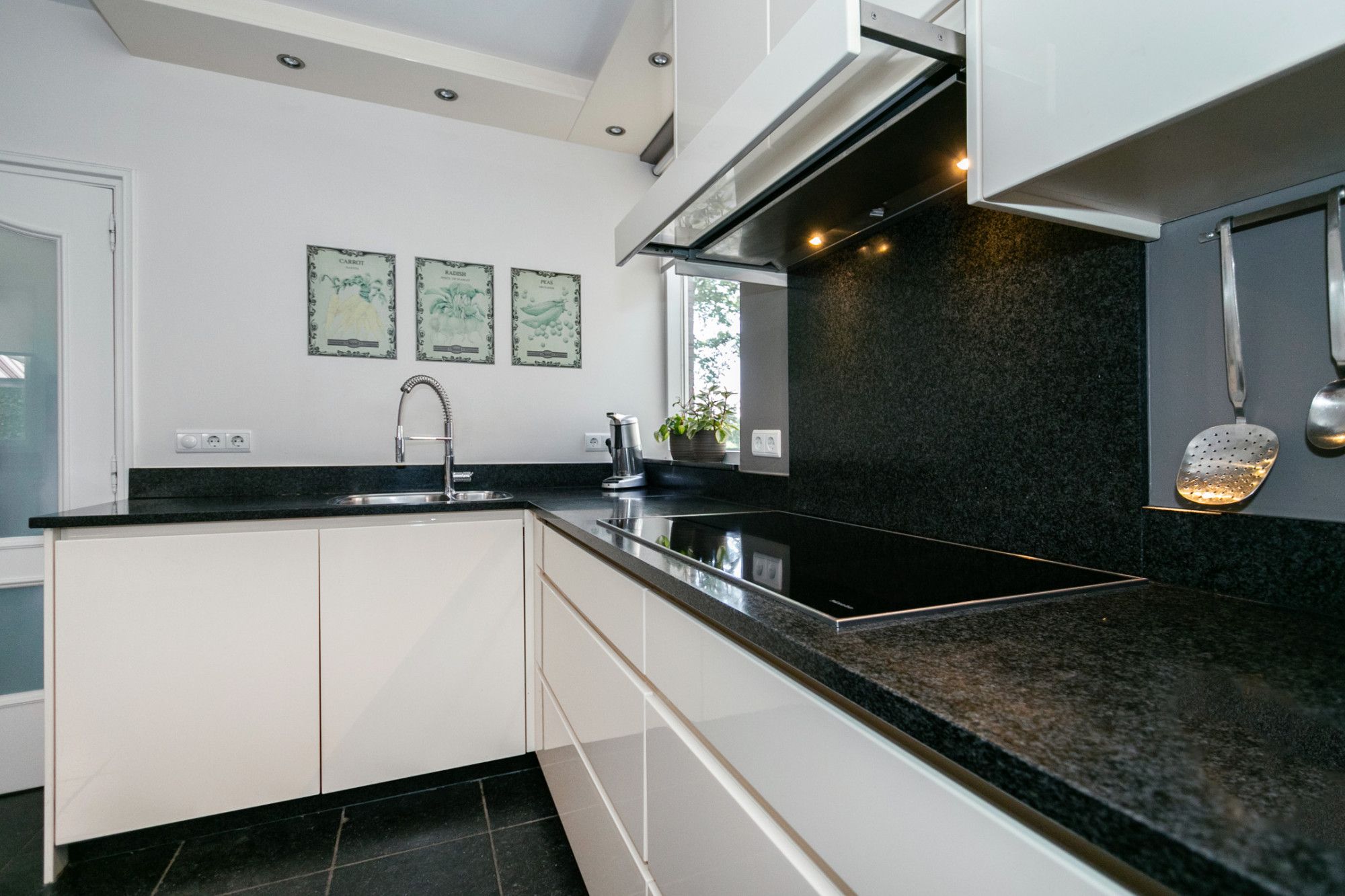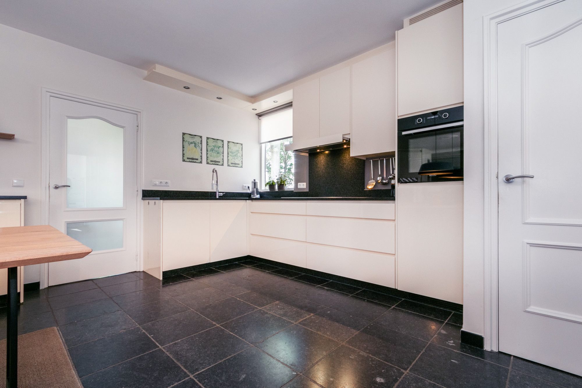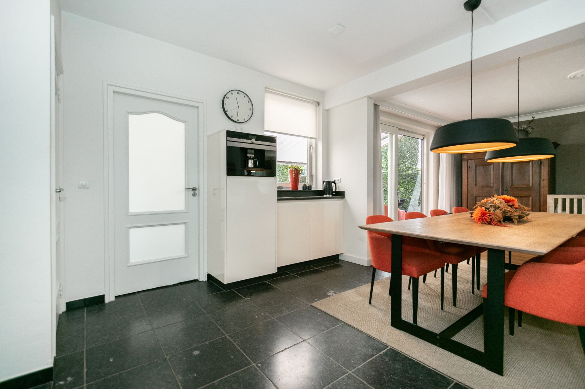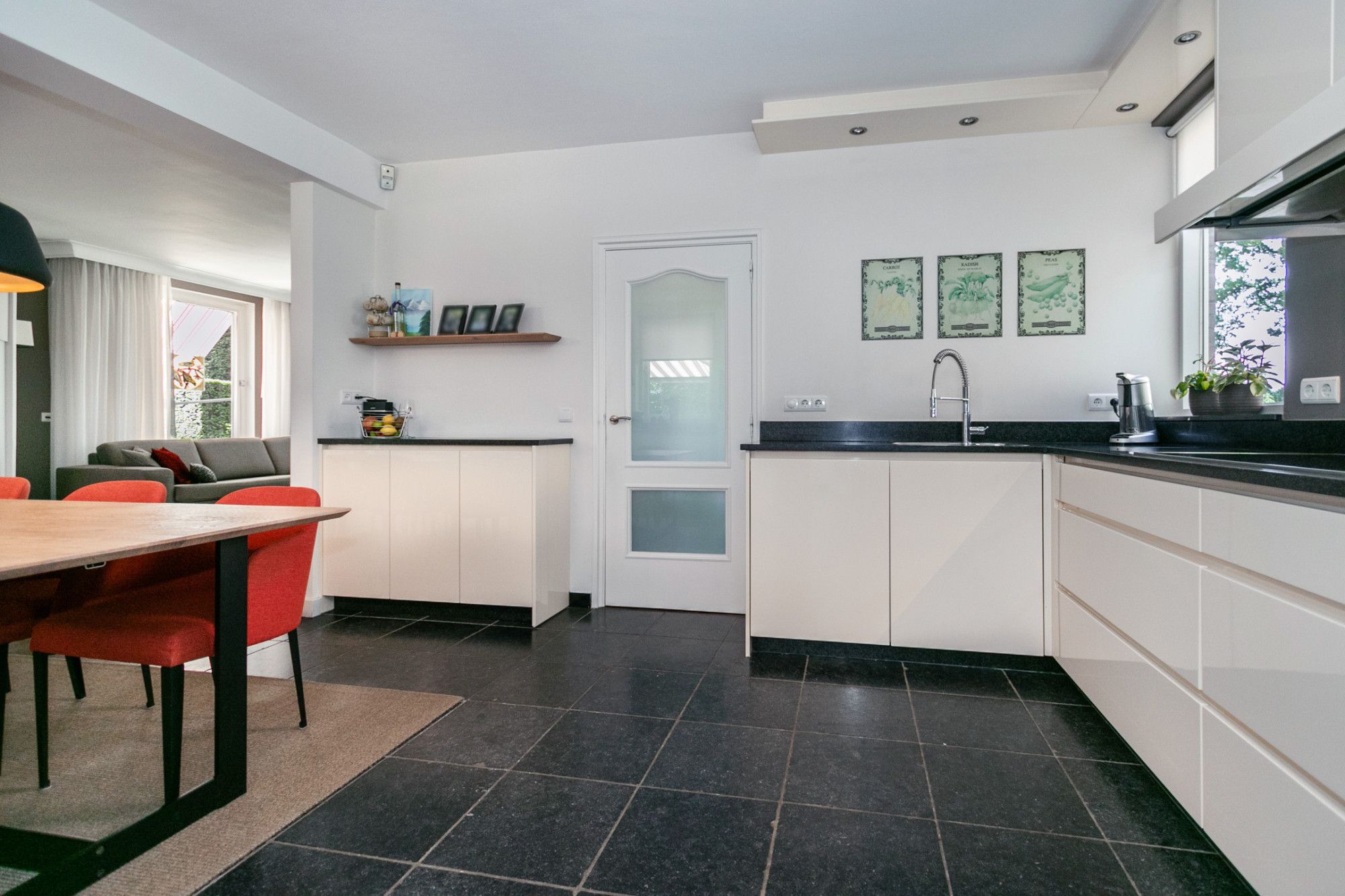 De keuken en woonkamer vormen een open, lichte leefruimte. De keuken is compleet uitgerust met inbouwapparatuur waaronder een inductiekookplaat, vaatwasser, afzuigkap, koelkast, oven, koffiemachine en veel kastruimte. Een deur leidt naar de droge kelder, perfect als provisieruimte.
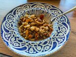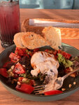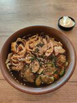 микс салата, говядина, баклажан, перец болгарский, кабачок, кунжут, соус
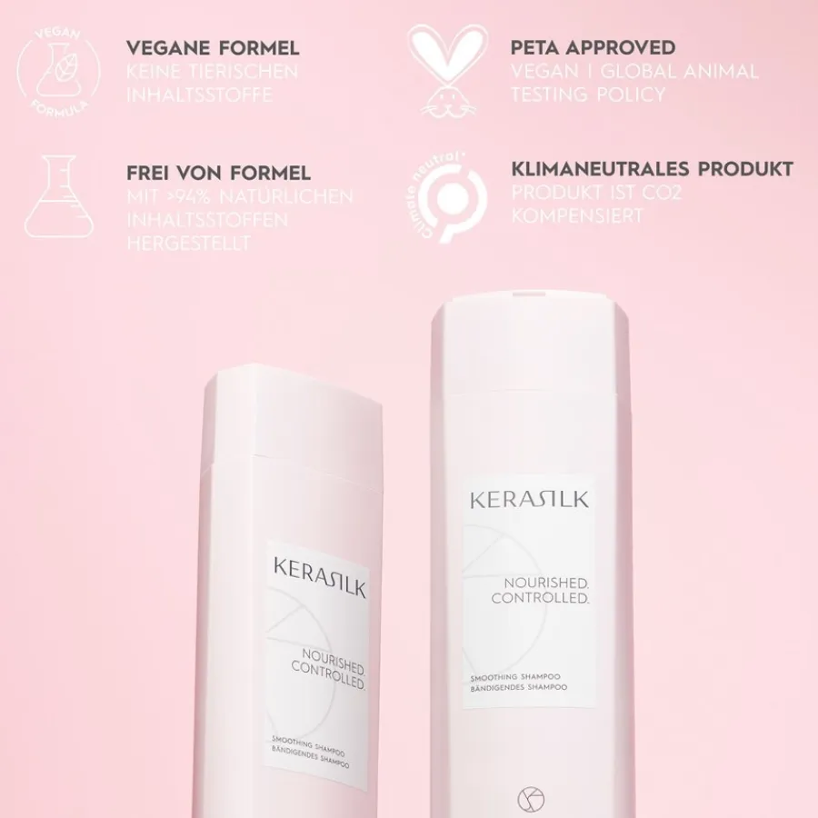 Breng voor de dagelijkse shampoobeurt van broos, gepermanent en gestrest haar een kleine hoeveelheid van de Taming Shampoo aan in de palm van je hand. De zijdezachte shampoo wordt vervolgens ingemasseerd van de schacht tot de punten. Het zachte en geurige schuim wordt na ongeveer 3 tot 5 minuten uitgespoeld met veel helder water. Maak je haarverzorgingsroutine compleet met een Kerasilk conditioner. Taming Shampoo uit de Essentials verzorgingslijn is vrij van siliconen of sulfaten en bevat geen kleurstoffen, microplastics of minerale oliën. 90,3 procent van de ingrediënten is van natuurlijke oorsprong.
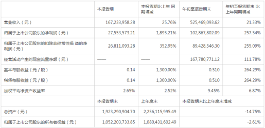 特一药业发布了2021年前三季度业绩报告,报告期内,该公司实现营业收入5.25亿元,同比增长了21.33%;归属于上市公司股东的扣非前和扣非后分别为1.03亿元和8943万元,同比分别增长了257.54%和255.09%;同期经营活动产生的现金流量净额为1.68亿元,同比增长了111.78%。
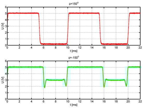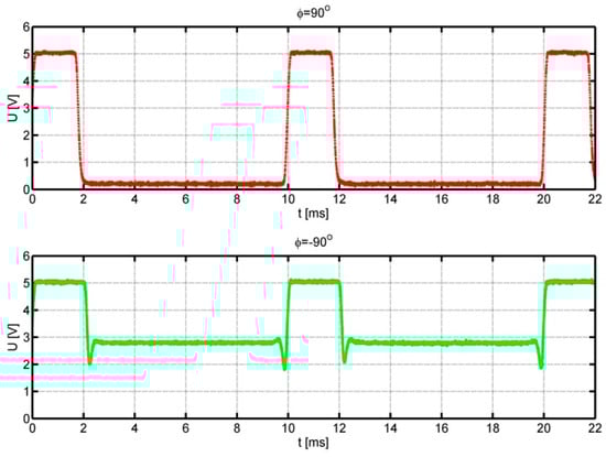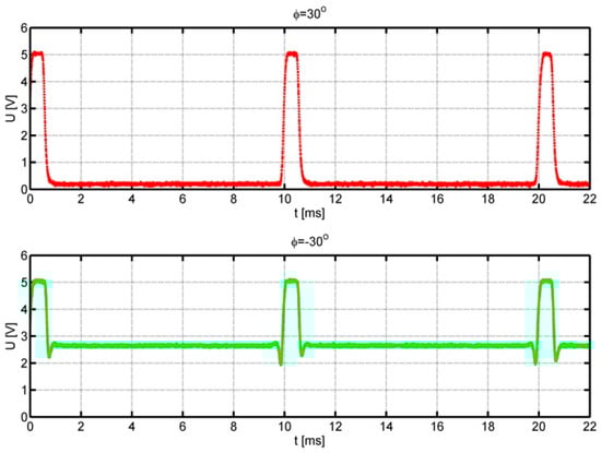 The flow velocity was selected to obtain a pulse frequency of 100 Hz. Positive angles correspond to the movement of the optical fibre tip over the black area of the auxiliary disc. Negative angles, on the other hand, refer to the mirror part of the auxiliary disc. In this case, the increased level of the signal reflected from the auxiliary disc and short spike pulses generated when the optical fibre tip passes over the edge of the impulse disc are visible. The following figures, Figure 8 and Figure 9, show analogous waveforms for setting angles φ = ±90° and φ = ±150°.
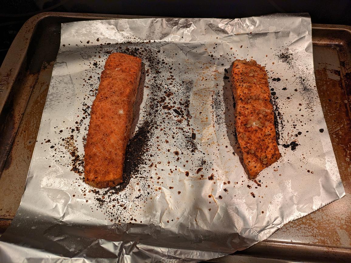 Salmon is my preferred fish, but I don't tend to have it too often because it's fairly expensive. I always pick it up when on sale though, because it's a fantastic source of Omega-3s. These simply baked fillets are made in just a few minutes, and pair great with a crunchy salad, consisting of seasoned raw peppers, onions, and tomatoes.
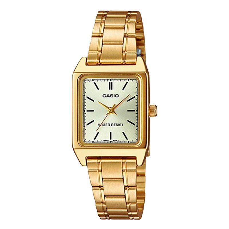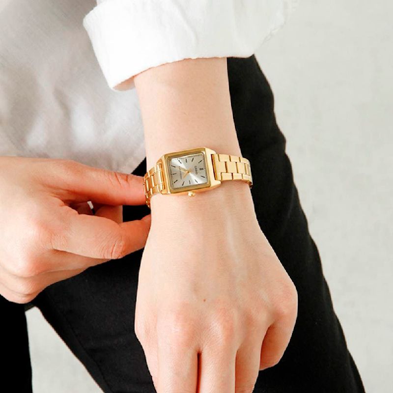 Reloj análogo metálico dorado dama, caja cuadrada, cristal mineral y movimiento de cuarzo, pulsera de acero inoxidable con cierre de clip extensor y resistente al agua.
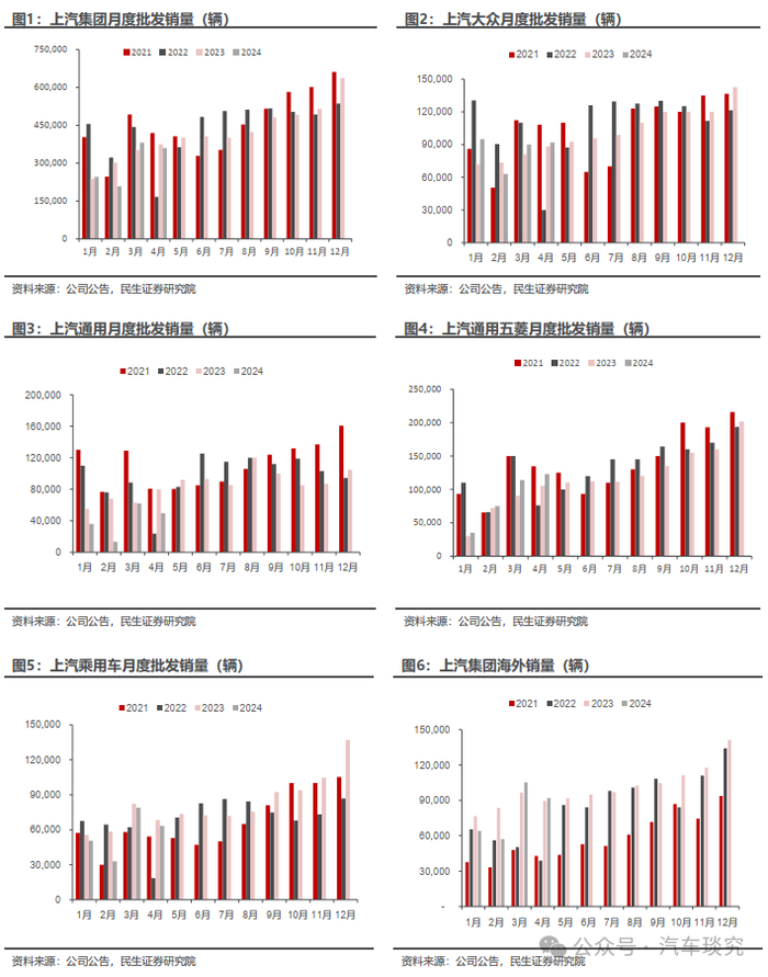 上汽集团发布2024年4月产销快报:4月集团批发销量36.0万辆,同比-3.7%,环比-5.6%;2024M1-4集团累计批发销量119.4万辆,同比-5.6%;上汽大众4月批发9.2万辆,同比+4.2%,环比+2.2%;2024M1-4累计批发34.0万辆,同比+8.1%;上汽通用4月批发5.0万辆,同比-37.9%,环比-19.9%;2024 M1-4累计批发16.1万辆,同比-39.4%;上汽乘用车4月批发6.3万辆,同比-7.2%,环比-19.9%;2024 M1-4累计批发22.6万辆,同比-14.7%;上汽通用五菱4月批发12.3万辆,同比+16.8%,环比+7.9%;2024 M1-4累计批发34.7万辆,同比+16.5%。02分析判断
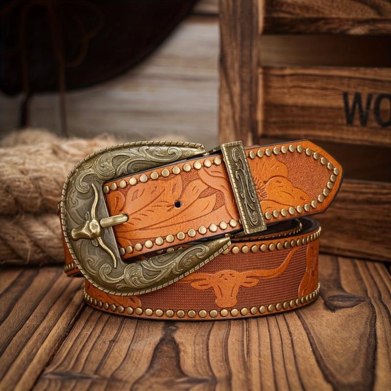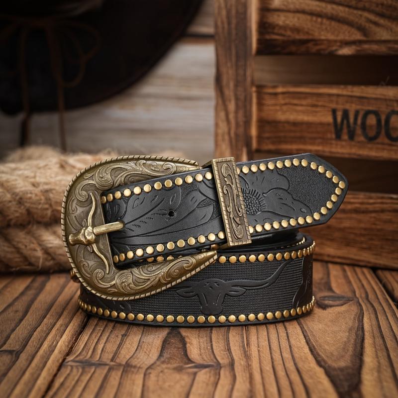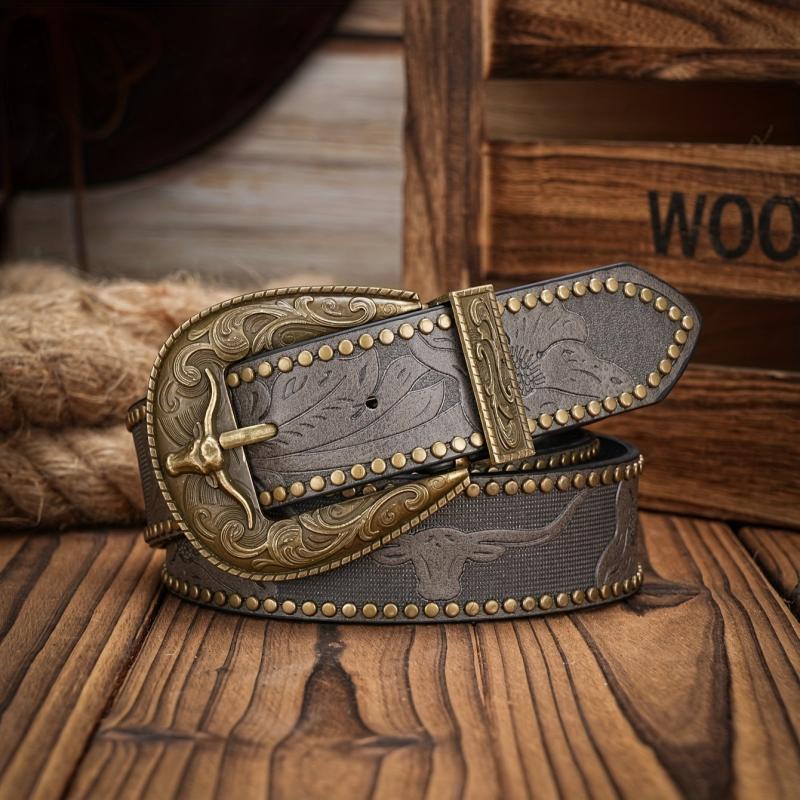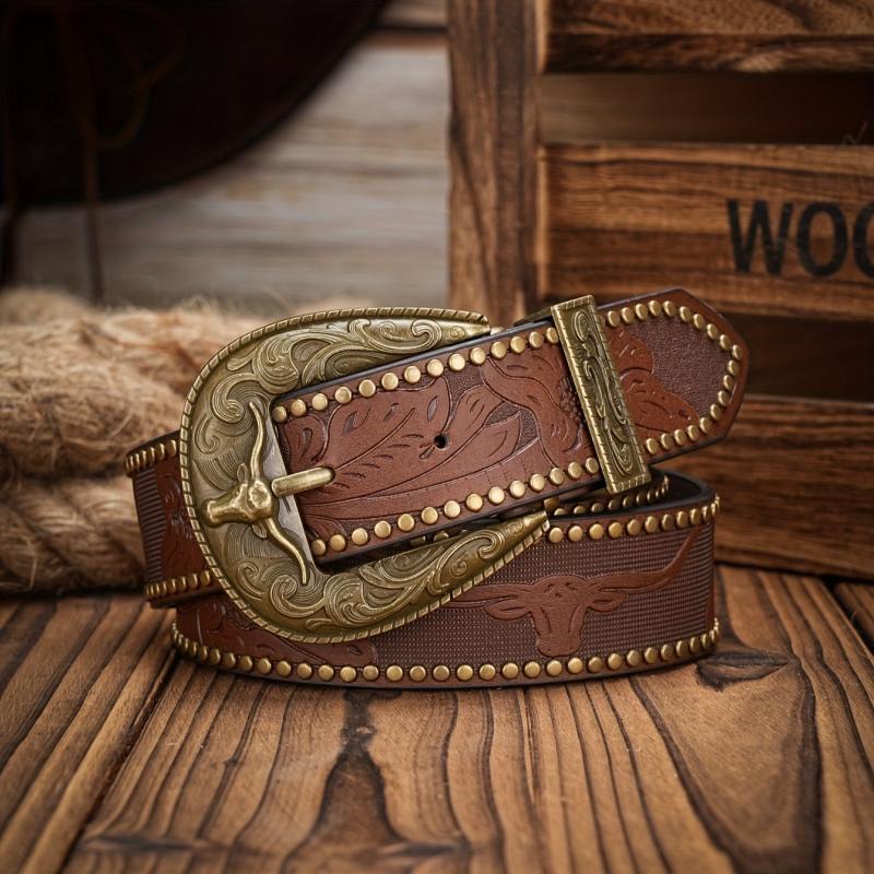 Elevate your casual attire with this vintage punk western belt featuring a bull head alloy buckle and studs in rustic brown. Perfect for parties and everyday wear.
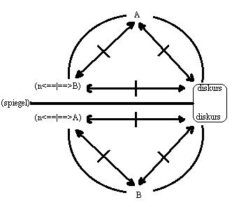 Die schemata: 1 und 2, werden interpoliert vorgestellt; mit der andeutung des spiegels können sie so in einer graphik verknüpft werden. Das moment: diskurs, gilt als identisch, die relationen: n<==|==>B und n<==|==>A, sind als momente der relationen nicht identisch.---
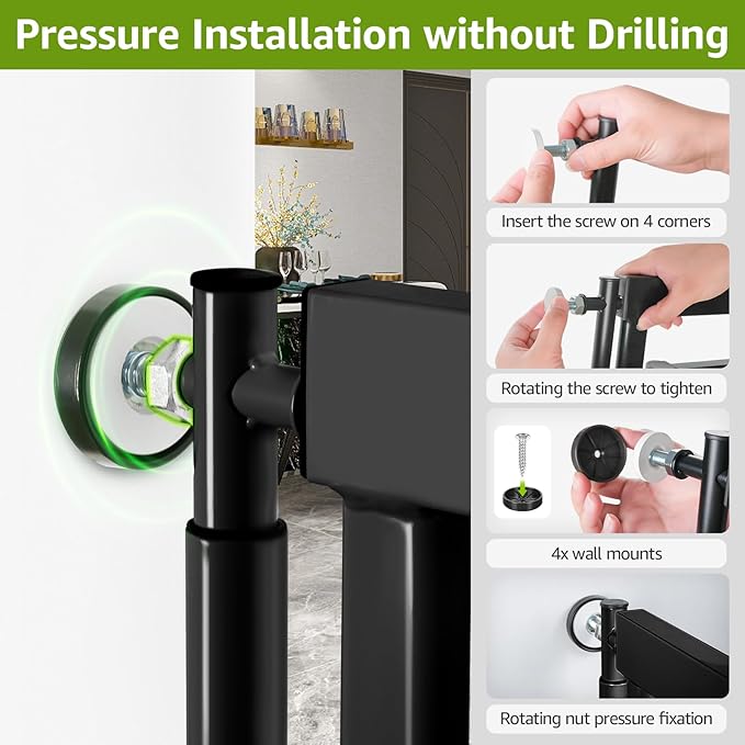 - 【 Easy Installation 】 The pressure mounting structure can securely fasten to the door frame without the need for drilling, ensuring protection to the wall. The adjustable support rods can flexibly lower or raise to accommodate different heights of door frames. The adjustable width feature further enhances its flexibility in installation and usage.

......

REQUIREMENT →
Every word of the material, and none of its pictures, should be set down again.

RESPONSE AREA →
 De keuken en woonkamer vormen een open, lichte leefruimte. De keuken is compleet uitgerust met inbouwapparatuur waaronder een inductiekookplaat, vaatwasser, afzuigkap, koelkast, oven, koffiemachine en veel kastruimte. Een deur leidt naar de droge kelder, perfect als provisieruimte.
 микс салата, говядина, баклажан, перец болгарский, кабачок, кунжут, соус
 Breng voor de dagelijkse shampoobeurt van broos, gepermanent en gestrest haar een kleine hoeveelheid van de Taming Shampoo aan in de palm van je hand. De zijdezachte shampoo wordt vervolgens ingemasseerd van de schacht tot de punten. Het zachte en geurige schuim wordt na ongeveer 3 tot 5 minuten uitgespoeld met veel helder water. Maak je haarverzorgingsroutine compleet met een Kerasilk conditioner. Taming Shampoo uit de Essentials verzorgingslijn is vrij van siliconen of sulfaten en bevat geen kleurstoffen, microplastics of minerale oliën. 90,3 procent van de ingrediënten is van natuurlijke oorsprong.
 特一药业发布了2021年前三季度业绩报告,报告期内,该公司实现营业收入5.25亿元,同比增长了21.33%;归属于上市公司股东的扣非前和扣非后分别为1.03亿元和8943万元,同比分别增长了257.54%和255.09%;同期经营活动产生的现金流量净额为1.68亿元,同比增长了111.78%。
 The flow velocity was selected to obtain a pulse frequency of 100 Hz. Positive angles correspond to the movement of the optical fibre tip over the black area of the auxiliary disc. Negative angles, on the other hand, refer to the mirror part of the auxiliary disc. In this case, the increased level of the signal reflected from the auxiliary disc and short spike pulses generated when the optical fibre tip passes over the edge of the impulse disc are visible. The following figures, Figure 8 and Figure 9, show analogous waveforms for setting angles φ = ±90° and φ = ±150°.
 Salmon is my preferred fish, but I don't tend to have it too often because it's fairly expensive. I always pick it up when on sale though, because it's a fantastic source of Omega-3s. These simply baked fillets are made in just a few minutes, and pair great with a crunchy salad, consisting of seasoned raw peppers, onions, and tomatoes.
 Reloj análogo metálico dorado dama, caja cuadrada, cristal mineral y movimiento de cuarzo, pulsera de acero inoxidable con cierre de clip extensor y resistente al agua.
 上汽集团发布2024年4月产销快报:4月集团批发销量36.0万辆,同比-3.7%,环比-5.6%;2024M1-4集团累计批发销量119.4万辆,同比-5.6%;上汽大众4月批发9.2万辆,同比+4.2%,环比+2.2%;2024M1-4累计批发34.0万辆,同比+8.1%;上汽通用4月批发5.0万辆,同比-37.9%,环比-19.9%;2024 M1-4累计批发16.1万辆,同比-39.4%;上汽乘用车4月批发6.3万辆,同比-7.2%,环比-19.9%;2024 M1-4累计批发22.6万辆,同比-14.7%;上汽通用五菱4月批发12.3万辆,同比+16.8%,环比+7.9%;2024 M1-4累计批发34.7万辆,同比+16.5%。02分析判断
 Elevate your casual attire with this vintage punk western belt featuring a bull head alloy buckle and studs in rustic brown. Perfect for parties and everyday wear.
 Die schemata: 1 und 2, werden interpoliert vorgestellt; mit der andeutung des spiegels können sie so in einer graphik verknüpft werden. Das moment: diskurs, gilt als identisch, die relationen: n<==|==>B und n<==|==>A, sind als momente der relationen nicht identisch.---
 - 【 Easy Installation 】 The pressure mounting structure can securely fasten to the door frame without the need for drilling, ensuring protection to the wall. The adjustable support rods can flexibly lower or raise to accommodate different heights of door frames. The adjustable width feature further enhances its flexibility in installation and usage.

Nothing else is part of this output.